According to Reformed theologian R. Scott Clark, R. Scott Clark, “There’s not a lot of evidence in the NT that unordained Christians did much ‘evangelism.’ This is the Achilles’ Heel of modern, populist, democratic, egalitarian evangelicalism.” (see “Missional Monday: Should Evangelism Happen Only in the Church?”). Clark's sentiment is shared by a number of members on the Puritan Board, as evidenced in the following two threads:

“Do the Reformed Confessions Affirm the Duty of Evangelistic and Missionary Outreach?” 

“The Pastor Only Should Evangelize”

I am concerned about what I perceive to be an imbalanced tendency in some Reformed circles. This “tendency” is often expressed in _an overemphasis on the importance of the ministry of the ordained man_ and _an underemphasis on the importance of the ministry of the layman_. Certain Reformed leaders and scholars seem inclined to define the life and ministry of a local church more narrowly in terms of _what happens in the pulpit on Sundays_ rather than more broadly in terms of _what happens in the pulpit, pew, and outside the church all seven days of the week_. Healthy church life and ministry is construed mainly in terms of “the preached Word and sacraments” rather than holistically, in terms that give proper place to lay-ministry and lay-evangelism. While in no way denying the unique role of the pastoral office or the reality of varied levels of gift, I have attempted to show that the activities of ministry and evangelism are not the sole province of the ordained man. In this 3rd installment of the series, I attempt to provide a biblical defense for "lay-evangelism":

*Giving Proper Due to the People in the Pew: A Biblical Defense of Lay-Ministry and Lay-Evangelism, Part 3
*
Your servant,


----------



## lynnie (May 8, 2009)

Thanks; printing it out now. The first two parts were excellent.

( by the way I was saved through lay evangelism in my college dorm, as were many others I know. I thank God for those faithful speakers of truth to me. I would never have set foot in a church at that time in my life.)


----------



## Scott1 (May 8, 2009)

This is a huge topic. Some with formal theological backgrounds will have some needed input here.

One general different characteristic of reformed theology from "broad evangelicalism" is that reformed theology leads to a "higher" view of the church than does the latter.

This view is based on scripture, and attributes of covenant community and works out through things like vows, church discipline and the regulative principle in public (corporate) worship. It also shows in polity (e.g. the nature of ordination, installation, qualification for office, spiritual authority, responsibility in office). Many of these concepts are not in "broad evangelicalism."

Having said all that, and knowing this is not a complete answer to your question, reformed theology does lead to discipleship primarily through local churches. The Gospel comes as part of "all of life" application of all of God's Word through teaching and example by those God has appointed (e.g. ministers, elders, deacons, etc.).

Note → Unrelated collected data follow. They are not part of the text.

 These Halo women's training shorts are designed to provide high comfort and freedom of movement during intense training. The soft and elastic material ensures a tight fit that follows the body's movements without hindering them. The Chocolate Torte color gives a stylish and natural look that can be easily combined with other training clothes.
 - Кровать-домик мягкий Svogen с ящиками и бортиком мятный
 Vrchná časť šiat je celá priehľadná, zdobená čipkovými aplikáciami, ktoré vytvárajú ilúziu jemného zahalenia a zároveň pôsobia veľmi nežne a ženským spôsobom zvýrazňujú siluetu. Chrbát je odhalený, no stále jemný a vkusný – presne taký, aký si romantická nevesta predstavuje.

I have never understood that to mean that we do not individually share the Gospel with people outside of church. Far from that, I understand we share not only the Gospel, but God's Word (his commandment, precepts, and praises) frequently with believers and nonbelievers because it is our life.

It would seem not possible to reconcile a view where a loose association of people went about individually "sharing the gospel" without accountability to a local church. Also, difficult to not have as an aim to systematically disciple those to whom the gospel is shared in the context of a covenant community, governed by those qualified to teach the whole counsel of God's Word.

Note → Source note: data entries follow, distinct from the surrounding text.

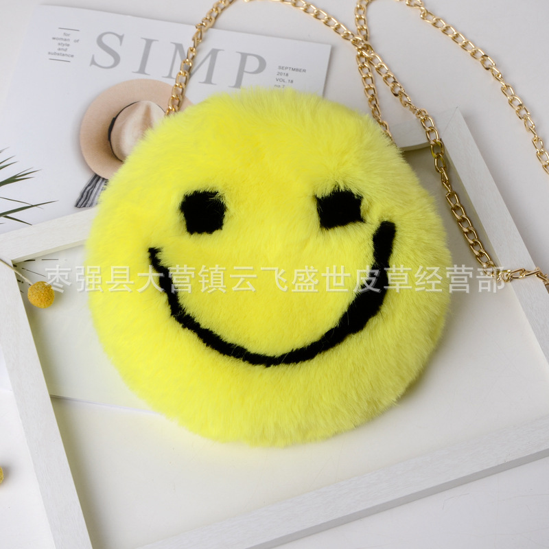韓国版のファッションの新型の笑顔の顔は毛の片肩のチェーンの斜めのショルダーの毛の包みの女性のミニの小銭の化粧袋を包みます。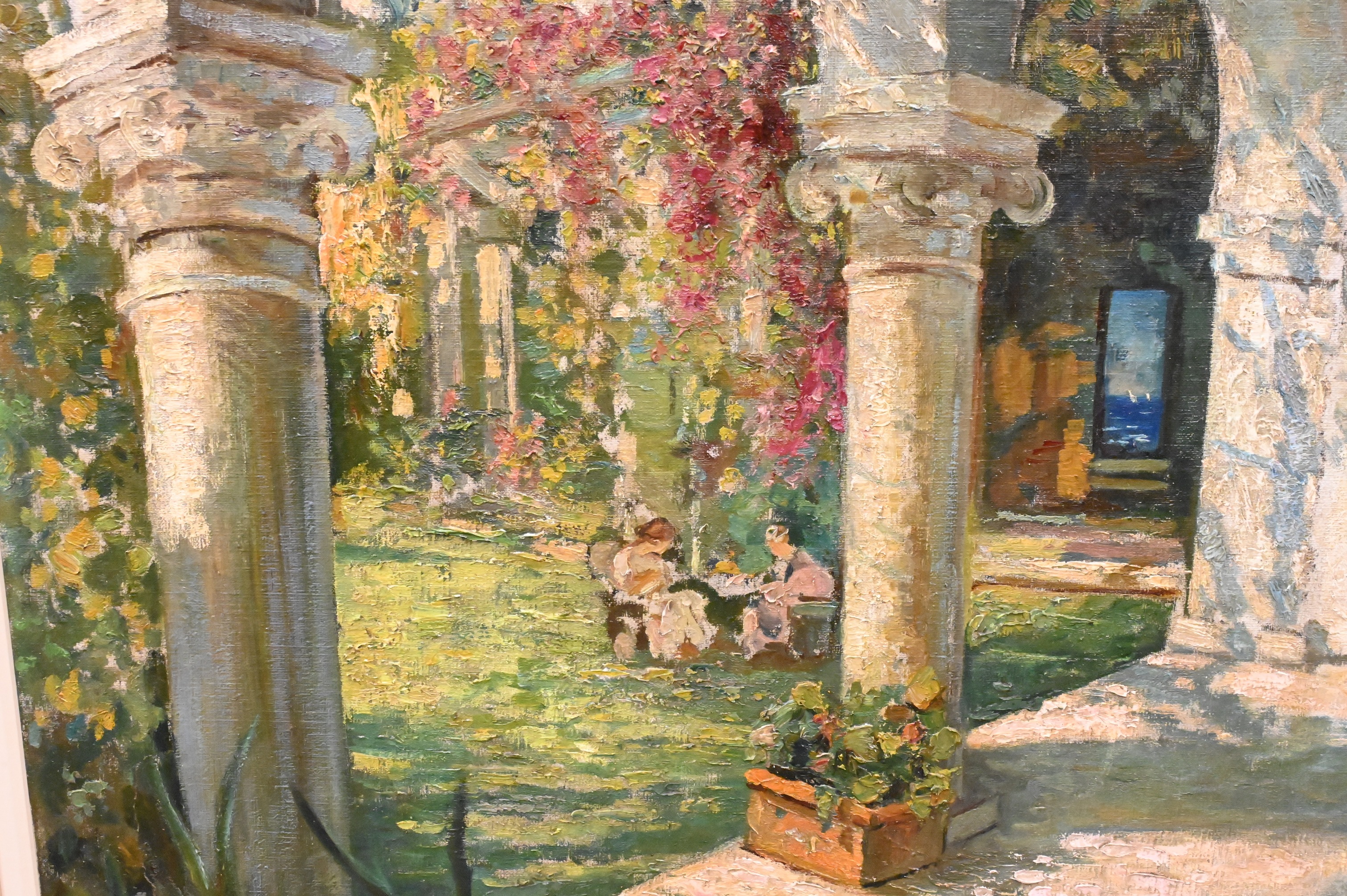 Courtyard Garden Scene with two seated ladies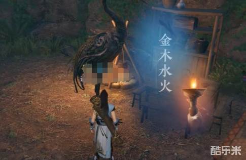 之后在1104 710这个位置有一口井,从井口跳下去,推开第一道石门,走到一个坑处直接跳下去。在这里面有一只石鹤,根据它拿到线索。在第二道石门处,按照金木水火土的顺序,将木机关人打败。就会获得一个宝箱,里面也有三清鹤羽。

The Gospel is top priority, and discipling people in all of God's Word is also top priority. The teaching aspect of that difficult task is especially given to those God appoints to carefully handle His Word and teach it and example it (esp. church officers).


----------



## Dr. Bob Gonzales (May 8, 2009)

Scott1 said:


> This is a huge topic. Some with formal theological backgrounds will have some needed input here.
> 
> One general different characteristic of reformed theology from "broad evangelicalism" is that reformed theology leads to a "higher" view of the church than does the latter.
> 
> ...



Scott,

For the record, my defense of lay-ministry and lay-evangelism assumes the framework of the local church you expound above. I don't encourage "lone-ranger" Christianity. Thanks for the useful reminder that lay-ministry and lay-evangelism should not be disconnected from Christ's church. 

Your servant,


----------



## Herald (May 8, 2009)

Perhaps it would help the discussion to know what type of evangelistic activity, if any, a lay Christian can perform. I ask this question for those who have a high view of the ordained minister as the lawful herald of the gospel.


----------



## Scott1 (May 8, 2009)

> *Herald*
> the ordained minister as the lawful herald of the gospel.



Presumably, no pun intended.


----------



## Dr. Bob Gonzales (May 8, 2009)

Herald said:


> Perhaps it would help the discussion to know what type of evangelistic activity, if any, a lay Christian can perform. I ask this question for those who have a high view of the ordained minister as the lawful herald of the gospel.



Bill,

Did you get to read the blog? Or are your questions more specific than was addressed in the blog?

Bob G.


----------